BlackRock and JPMorgan Chase are poised to join Bank of America and Citigroup in the vanguard, according to people familiar with their thinking.
Over the summer BofA accelerated its preparations for Brexit by announcing details of a new Paris trading floor with room for 1,000 staff. Wall Street rival JPMorgan Chase is also increasingly attracted by Paris, bankers said, though it has yet to declare officially how big a trading operation it will put in the city.
“Over time, and depending on if a place becomes the new financial centre in Europe, we may do what we did in London 20 years ago, and consolidate,” Daniel Pinto, JPMorgan investment bank chief, told the Financial Times.
Until recently, attention had focused on which eurozone financial centre would attract the new formal subsidiary registrations, as banks, insurers and asset managers have raced to ensure they have the legal and regulatory structures in place to continue doing business across the EU27 if and when they are barred from “passporting” out of London.
Frankfurt and Dublin dominated that battle. But Paris seems set to triumph in trading — a more valuable prize due to the jobs and taxes that go with it — as banks and asset managers realise the merits of establishing a dominant hub to concentrate market liquidity and expertise for the trading of securities.
“If you ask most people in the industry, the number one choice is Paris,” said the boss of a large investment bank, adding that labour costs are now as low as the UK.
The Parisian expansion comes as the UK’s City minister said Britain would do “whatever it takes” to defend the position of London as a global financial centre.
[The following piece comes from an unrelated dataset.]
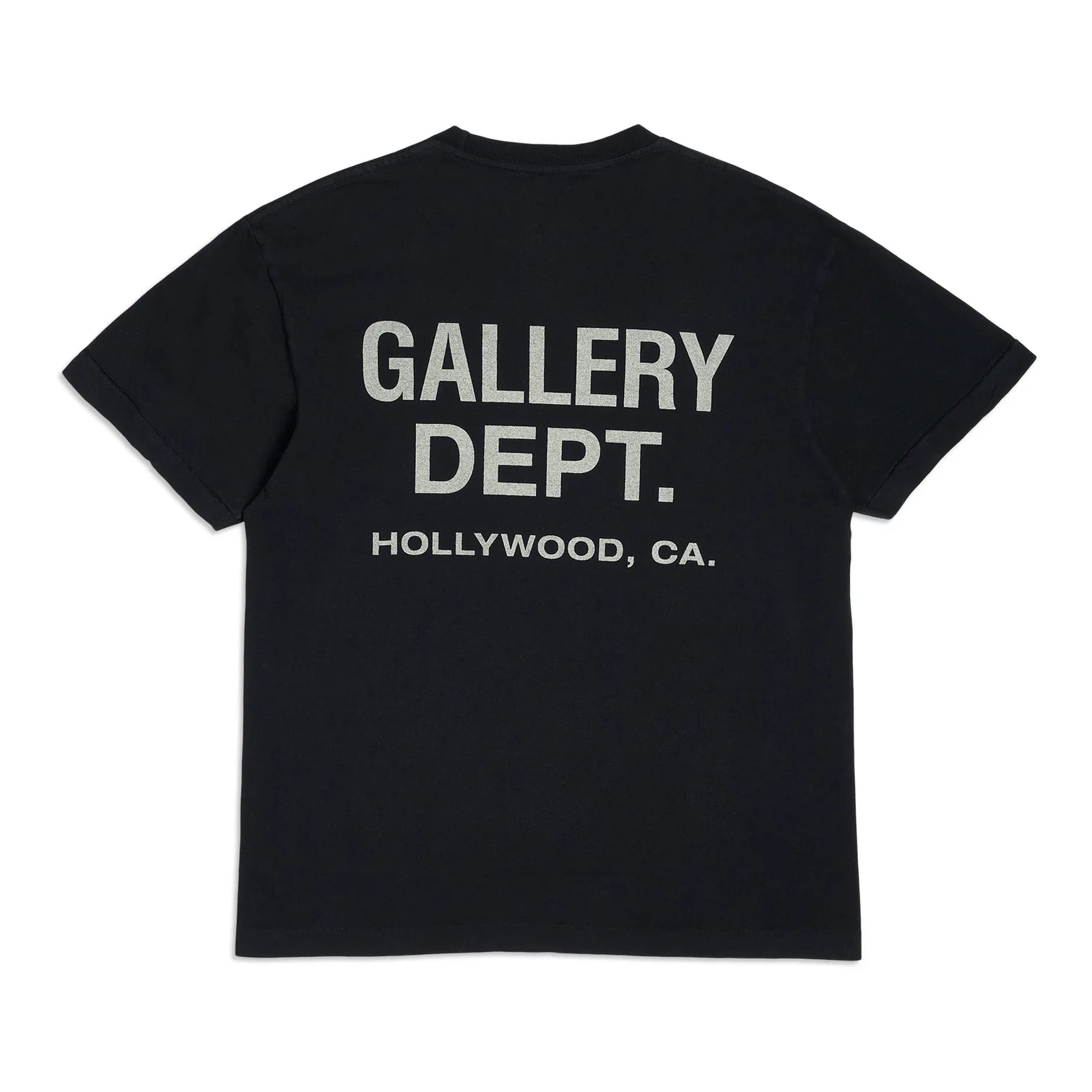 The Gallery Dept. Black Souvenir Tee blends laid-back street style with an art-meets-fashion edge. Crafted in the USA from premium cotton, this tee features a slightly oversized fit, distressed detailing, and signature screen-printed graphics on both front and back. Each piece carries Gallery Dept.’s one-of-a-kind, DIY aesthetic—designed to look lived-in and effortlessly cool.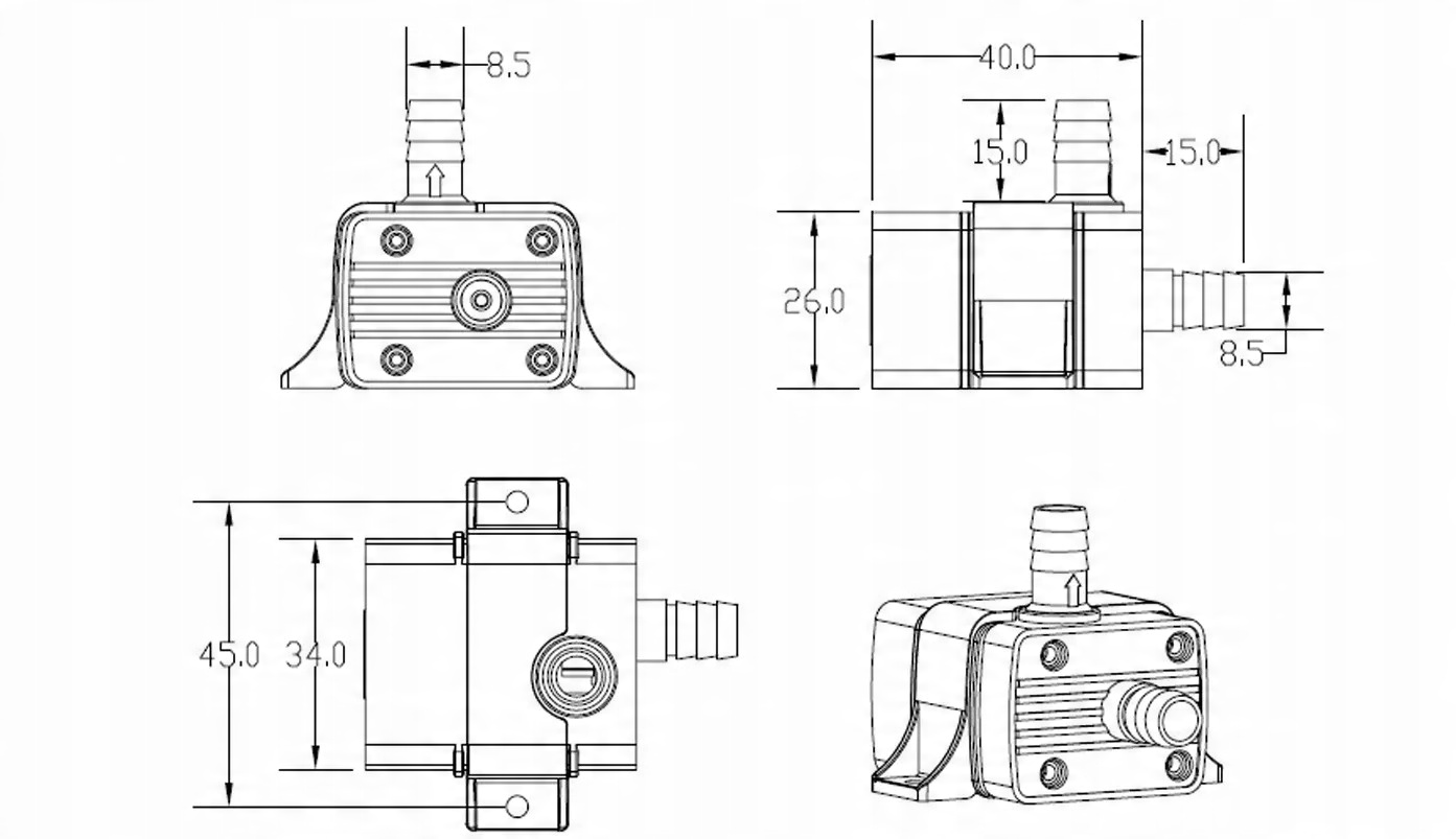 Может перекачивать воду на высоту до 3м. Он отличается небольшими размерами, а бесщеточный двигатель обеспечивает тихую и безаварийную работу. Он питается от 12В. В комплект входит ручка с отверстиями для прикручивания.

John Glen said the numbers that have been shifting out of London are so far limited, adding: “It is totally at odds with the flowery rhetoric you see from European leaders — you know, saying ‘Come to Paris’.”
Another big factor in banks choosing Paris has been the sophistication of French regulators, which have long overseen the complex trading and derivative operations of BNP Paribas and Société Générale, financiers said.
Banks’ plans are tracking those of their clients, with 70 asset managers — from large groups to small hedge funds — in the process of securing licences to operate in Paris, according to officials. BlackRock is chief among them, and is even considering designating Paris as its pan-European headquarters, according to two people close to the $6.3tn money manager. That could see its office there expand more than six-fold to between 200 and 300 staff within a year or so. [...]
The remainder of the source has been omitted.